EXERCISE.
Every line below from the one with "Create a simple" through the one with "To U2 Vol. 1。" is to be repeated exactly, with no picture among them.

PROVIDED ENTRIES.
____________________

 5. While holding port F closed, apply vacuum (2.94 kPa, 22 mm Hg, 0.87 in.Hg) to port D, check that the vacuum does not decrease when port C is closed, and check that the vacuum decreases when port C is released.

____________________

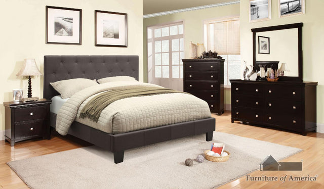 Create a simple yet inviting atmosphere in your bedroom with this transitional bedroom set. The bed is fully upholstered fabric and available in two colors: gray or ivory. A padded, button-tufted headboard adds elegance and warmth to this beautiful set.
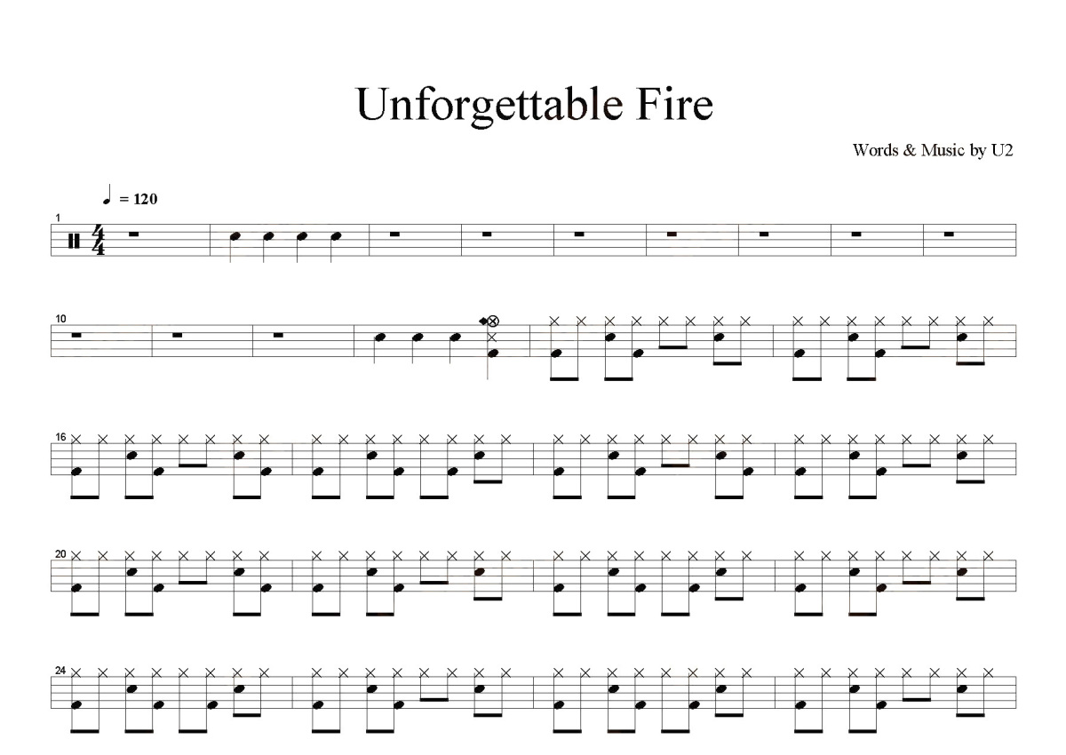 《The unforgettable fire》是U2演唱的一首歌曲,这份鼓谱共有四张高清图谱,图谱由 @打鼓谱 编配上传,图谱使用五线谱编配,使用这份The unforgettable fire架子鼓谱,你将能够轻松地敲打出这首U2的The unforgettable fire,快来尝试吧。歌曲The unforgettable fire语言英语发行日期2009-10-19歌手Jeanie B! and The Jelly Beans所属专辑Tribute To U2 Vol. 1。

____________________

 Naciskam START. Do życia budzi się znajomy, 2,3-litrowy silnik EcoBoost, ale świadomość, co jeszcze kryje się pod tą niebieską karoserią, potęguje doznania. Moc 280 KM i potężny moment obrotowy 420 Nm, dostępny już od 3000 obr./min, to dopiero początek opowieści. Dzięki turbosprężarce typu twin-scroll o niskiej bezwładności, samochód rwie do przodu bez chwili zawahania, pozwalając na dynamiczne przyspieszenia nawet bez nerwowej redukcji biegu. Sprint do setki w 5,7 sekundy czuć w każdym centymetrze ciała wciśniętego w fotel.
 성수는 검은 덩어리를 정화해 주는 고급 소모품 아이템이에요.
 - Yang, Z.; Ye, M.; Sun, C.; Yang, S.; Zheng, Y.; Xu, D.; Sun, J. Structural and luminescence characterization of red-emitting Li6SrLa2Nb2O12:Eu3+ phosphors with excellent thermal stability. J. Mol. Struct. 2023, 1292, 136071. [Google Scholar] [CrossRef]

____________________

PROBLEM SOLUTION.
 Create a simple yet inviting atmosphere in your bedroom with this transitional bedroom set. The bed is fully upholstered fabric and available in two colors: gray or ivory. A padded, button-tufted headboard adds elegance and warmth to this beautiful set.
 《The unforgettable fire》是U2演唱的一首歌曲,这份鼓谱共有四张高清图谱,图谱由 @打鼓谱 编配上传,图谱使用五线谱编配,使用这份The unforgettable fire架子鼓谱,你将能够轻松地敲打出这首U2的The unforgettable fire,快来尝试吧。歌曲The unforgettable fire语言英语发行日期2009-10-19歌手Jeanie B! and The Jelly Beans所属专辑Tribute To U2 Vol. 1。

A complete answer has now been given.